**Exercise**.
From first line to last, give the records again word for word and omit the pictures.

### Data shown ###

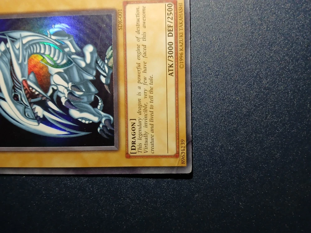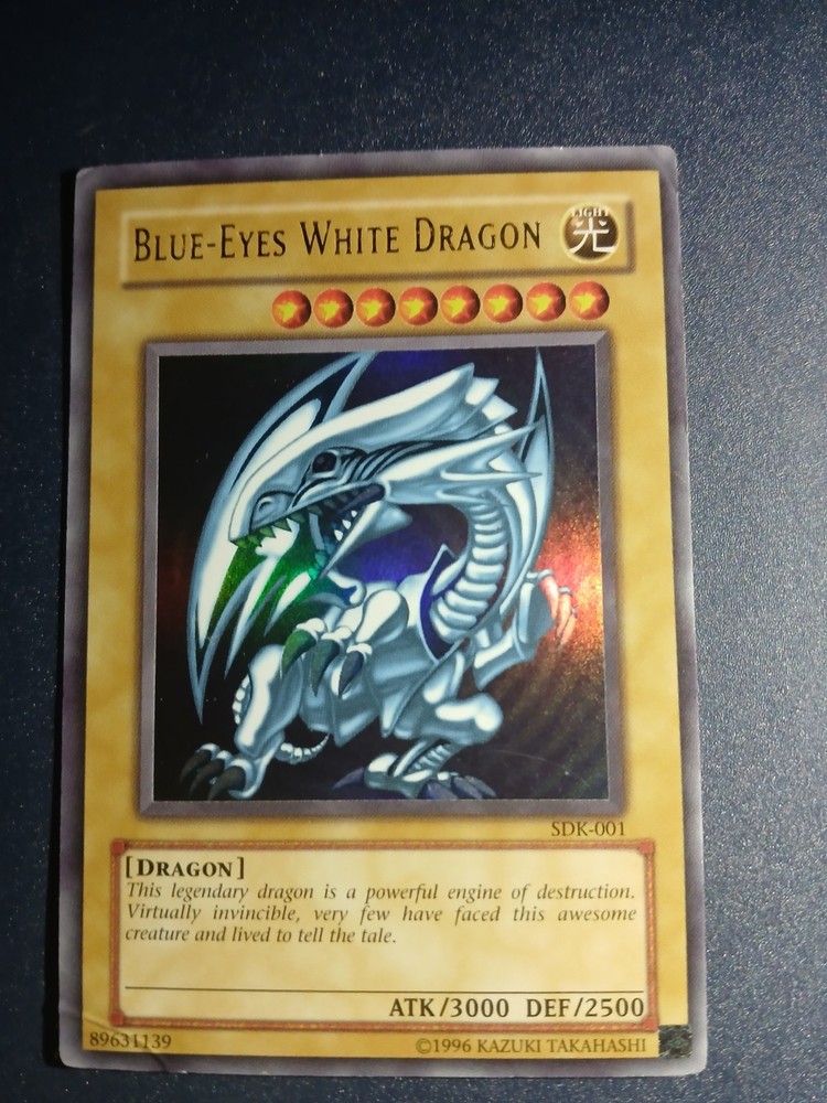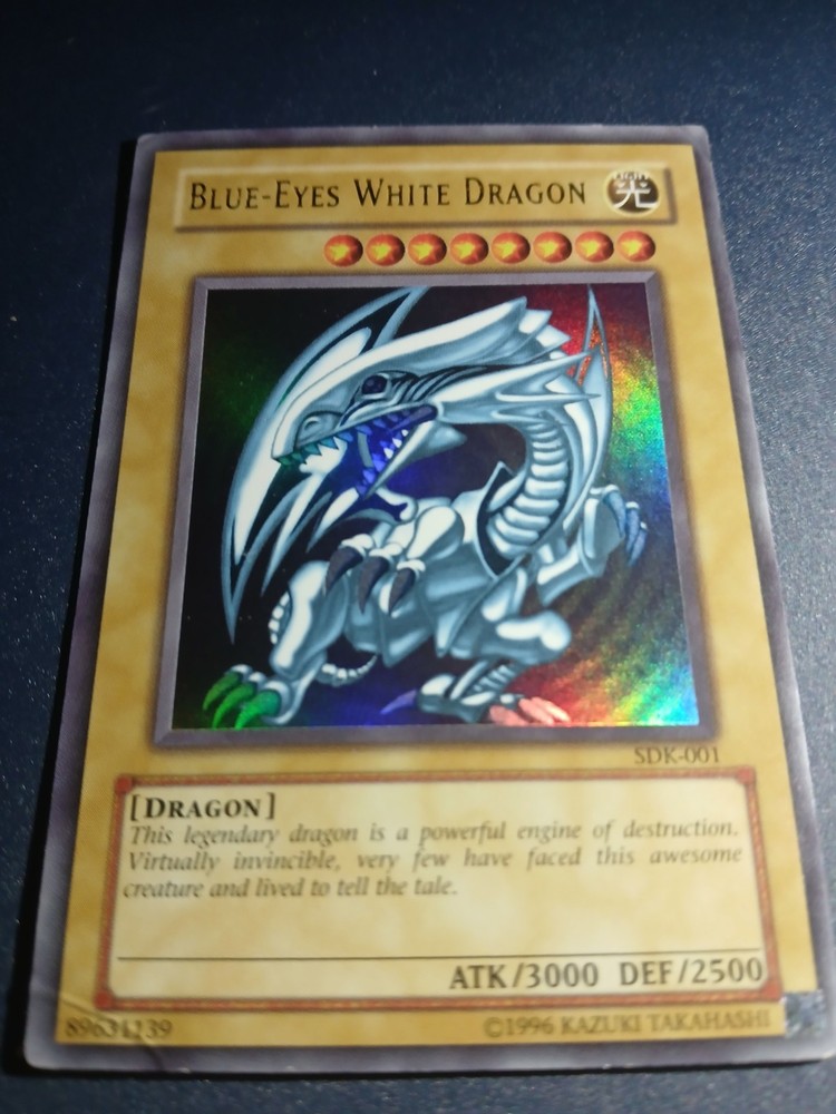 The Blue-Eyes White Dragon SDK-001 is a highly sought-after collectible card game product from the Yu-Gi-Oh! TCG series. This ultra rare card features a light attribute, with a powerful defense of 2500 and an attack power of 3000. Manufactured by Konami, the card is in English language. It is a normal type card with a level of 8 and is sure to be a valuable addition to any Yu-Gi-Oh! card collection. the card will be sold as it is shown in picture it will be package in a sleeve inside a top loader with a waterproof packaging shipped in between two pieces of cardboard it will first be sent to ebay for authentication then shipped to you from ebay
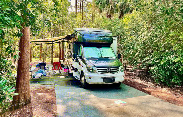 This RV rental provides a stationary, hassle-free option for cruise travelers, located just 10 minutes from Port Canaveral and 30 minutes from Orlando International Airport, ensuring easy access to your cruise departure. With the added convenience of electric and water hookups right in the driveway, your arrival and departure days are simplified, offering a comfortable and stress-free experience
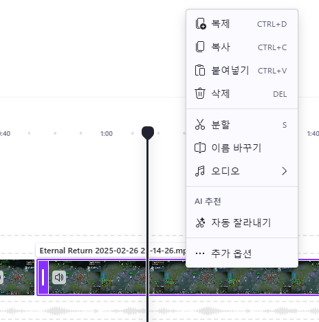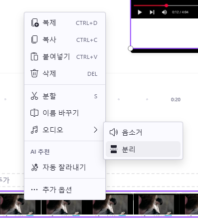 미디어 우클릭 > 오디오 > 분리를 눌러주면
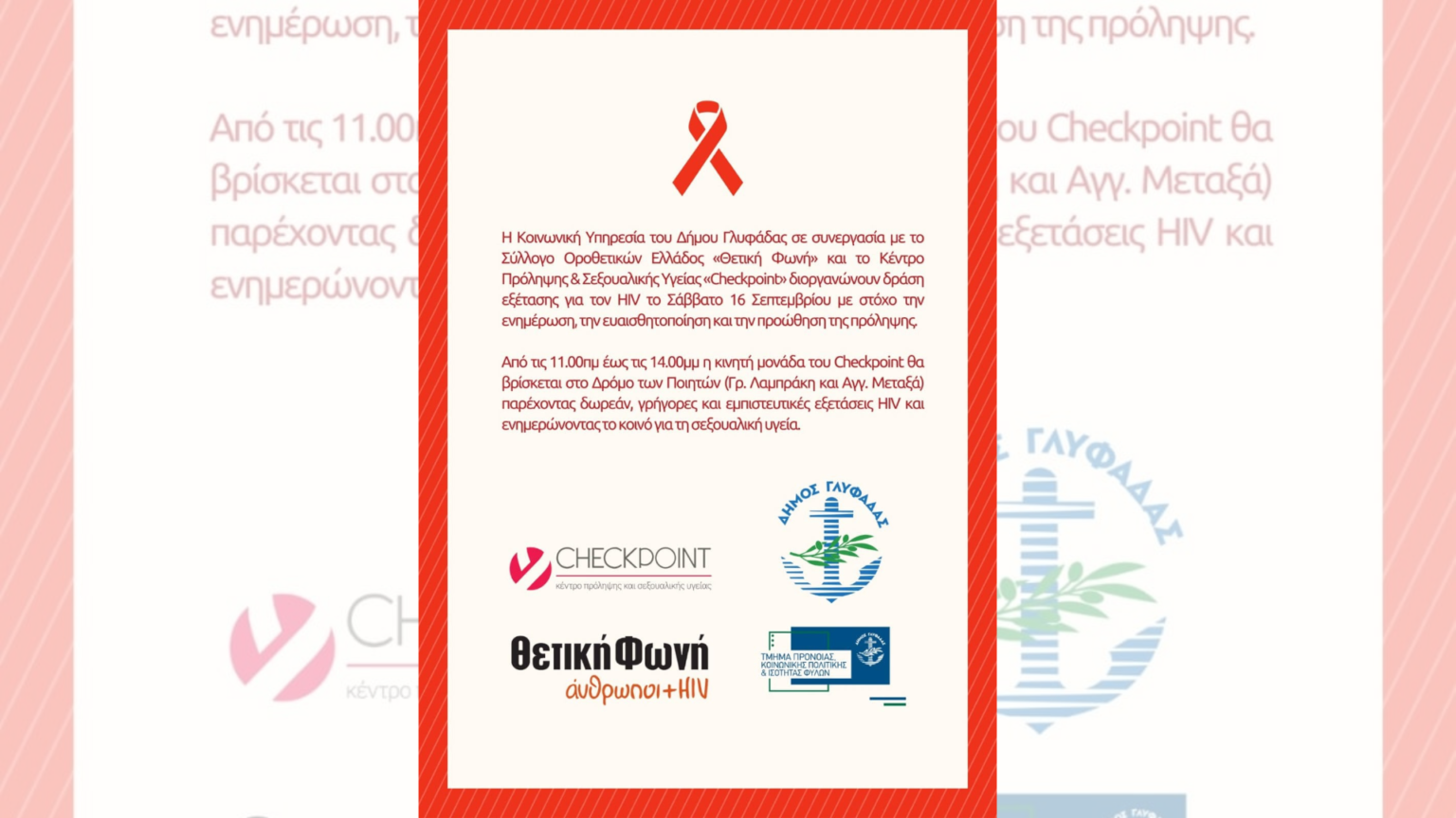 Ο Δήμος Γλυφάδας μέσω της Κοινωνικής του Υπηρεσίας, σε συνεργασία με το Σύλλογο Οροθετικών Ελλάδας «Θετική Φωνή» και το Κέντρο Πρόληψης και Σεξουαλικής Υγείας «Checkpoint», σας προσκαλούν το ερχόμενο Σάββατο, 16 Σεπτεμβρίου, στο Δρόμο των Ποιητών (Γρ. Λαμπράκη στη συμβολή της με τη Μεταξά) για εύκολη, γρήγορη, ανώνυμη και ανώδυνη, δωρεάν εξέταση για HIV και ιογενείς ηπατίτιδες, με στόχο την ενημέρωση, ευαισθητοποίηση και προώθηση της πρόληψης.
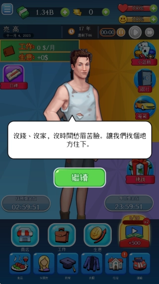 现在我们要助力身无分文的主角实现逆袭,帮他寻觅住所、谋求职业,再借助学习来增强各项能力,一步步迈向成功的人生!

###

**Exercise answer**.
 The Blue-Eyes White Dragon SDK-001 is a highly sought-after collectible card game product from the Yu-Gi-Oh! TCG series. This ultra rare card features a light attribute, with a powerful defense of 2500 and an attack power of 3000. Manufactured by Konami, the card is in English language. It is a normal type card with a level of 8 and is sure to be a valuable addition to any Yu-Gi-Oh! card collection. the card will be sold as it is shown in picture it will be package in a sleeve inside a top loader with a waterproof packaging shipped in between two pieces of cardboard it will first be sent to ebay for authentication then shipped to you from ebay
 This RV rental provides a stationary, hassle-free option for cruise travelers, located just 10 minutes from Port Canaveral and 30 minutes from Orlando International Airport, ensuring easy access to your cruise departure. With the added convenience of electric and water hookups right in the driveway, your arrival and departure days are simplified, offering a comfortable and stress-free experience
 미디어 우클릭 > 오디오 > 분리를 눌러주면
 Ο Δήμος Γλυφάδας μέσω της Κοινωνικής του Υπηρεσίας, σε συνεργασία με το Σύλλογο Οροθετικών Ελλάδας «Θετική Φωνή» και το Κέντρο Πρόληψης και Σεξουαλικής Υγείας «Checkpoint», σας προσκαλούν το ερχόμενο Σάββατο, 16 Σεπτεμβρίου, στο Δρόμο των Ποιητών (Γρ. Λαμπράκη στη συμβολή της με τη Μεταξά) για εύκολη, γρήγορη, ανώνυμη και ανώδυνη, δωρεάν εξέταση για HIV και ιογενείς ηπατίτιδες, με στόχο την ενημέρωση, ευαισθητοποίηση και προώθηση της πρόληψης.
 现在我们要助力身无分文的主角实现逆袭,帮他寻觅住所、谋求职业,再借助学习来增强各项能力,一步步迈向成功的人生!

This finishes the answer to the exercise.